We think that student’s should apply their knowledge in many different ways. One example of this is to get them to ‘beat the expert’ and spot mistakes written by journalists and authors.

The following is a classic.

Depressing knowledge about The Depression

The award winning journalist, and presenter of Radio 4 history(!!) series Jonathan Freeland wrote a fascinating article about the 1930s recently, entitled The 1930s were humanities darkest, bloodiest hour. Are you paying attention?  

However, if you read this article closely Freedland, like many year 10 and 11 students who have and will study Germany in the 1920s and 1930s, has confused his chronology. Perhaps he needs some more history lessons?  Can you spot his mistake?
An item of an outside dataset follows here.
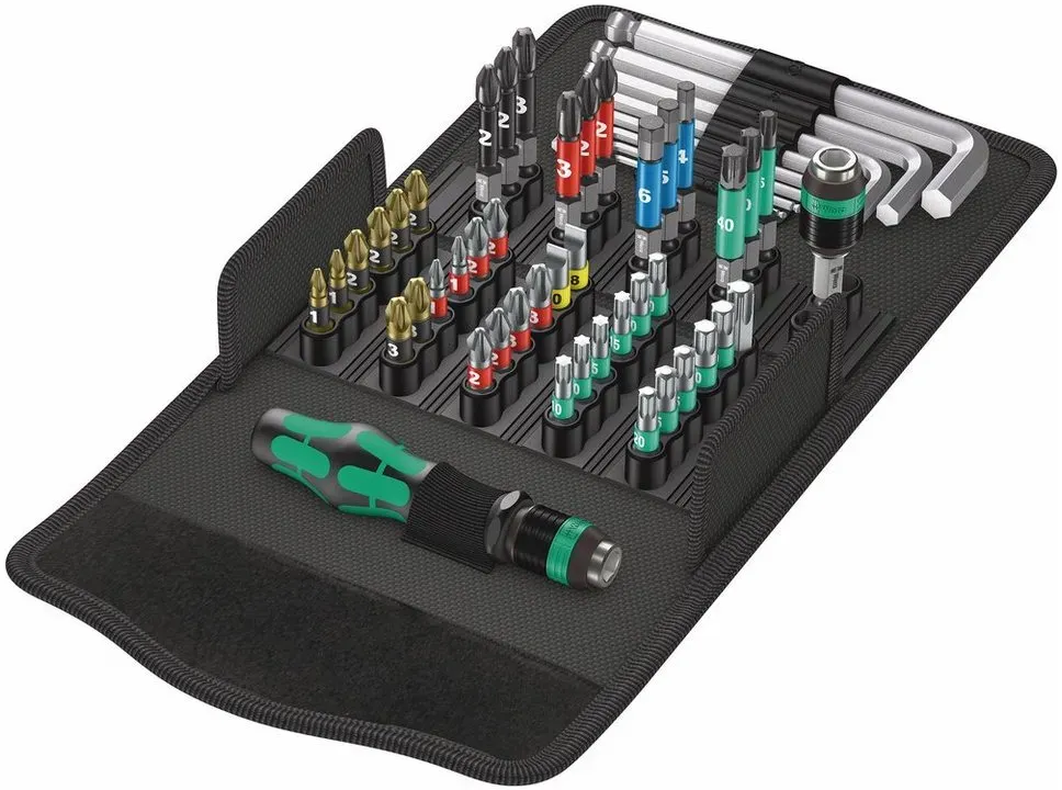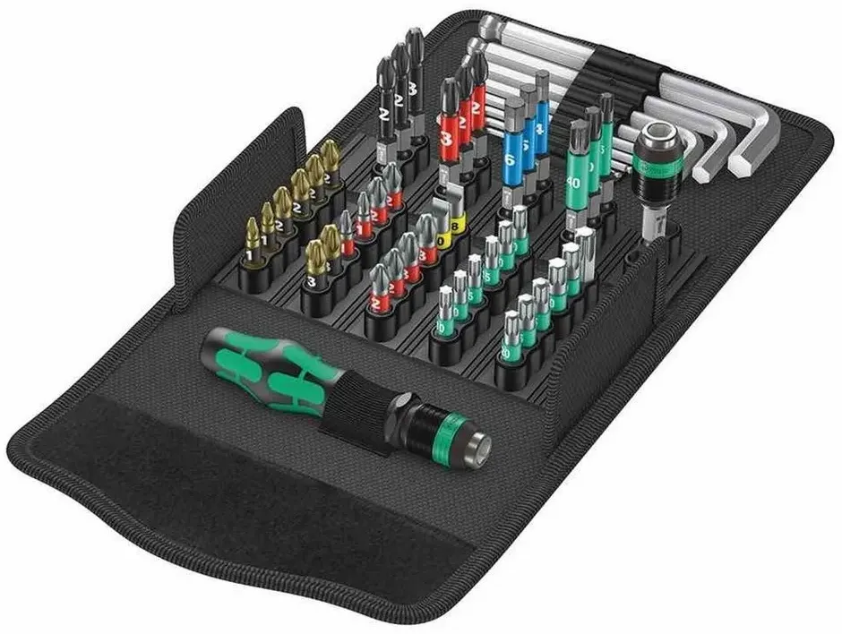 Kategorie: Zubehör für Elektrowerkzeug - WERA - GTIN:4013288179968 - 52-teilig; in oberflächenschonender, kompakter textiler Box mit hoher Robustheit. Geringes Volumen und Gewicht für vereinfachte Mobilität. Kompaktes Werkzeug-Set mit 52 Schraubwerkzeugen. 1 Bit-Handhalter Rapidaptor mit Schnellwechselfutter; 1 B Bithalter Rapidaptor mit Schnellwechselfutter zur Aufnahme in die Schraubermaschine oder zum Einsatz in das Bohrfutter der elektronischen Bohrmaschine; 30 BiTorsion Bits mit 25 mm Länge für lange Lebensdauer, zähhart (BTZ), für den universellen Einsatz, extrahart (BTH), 12 Impaktor-Bits mit 50 mm Länge für besonders hohe Anforderungen, 8 Winkelschlüssel mit Hex-Plus Profil (verhindert das Runddrehen von Innensechskantschrauben) und Sechskant-Kugelkopf am langen Schenkel für Arbeiten im Winkel; textile Box mit sehr hoher Robustheit und Langlebigkeit; aufrecht positionierbar zur übersichtlichen Lagerung im Werkstattregal; zusätzlicher Oberflächenschutz durch textiles Außenmaterial. - 87,99 Euro bei Thalia.de - gefunden von billiger.de Dieses Bit-Set von OTTO ist eine gute Option für diejenigen, die eine breite Auswahl an Schlitz- und Kreuzschlitz-Bits benötigen. ![]() ![]()

The Depression was, as Larry Elliott last week, “the biggest setback to the global economy since the dawn of the modern industrial age”, leaving 34 million Americans with no income. The hyperinflation experienced in Germany – when a thief would steal a laundry-basket full of cash, chucking away the money in order to keep the more valuable basket – is the stuff of legend. ” 

This would make a great activity to ‘make learning stick‘, or for homework. Get your students to spot his mistake in either the full article or the extract above.

Then, get your class to email or tweet to Mr Freedland, explaining that he has mashed two events together that are not connected in the way he suggests.  The financial crisis of 1923 did not, Mr Freedland, take place in the 1930s!

C- (or in new money grade 4) Must try harder!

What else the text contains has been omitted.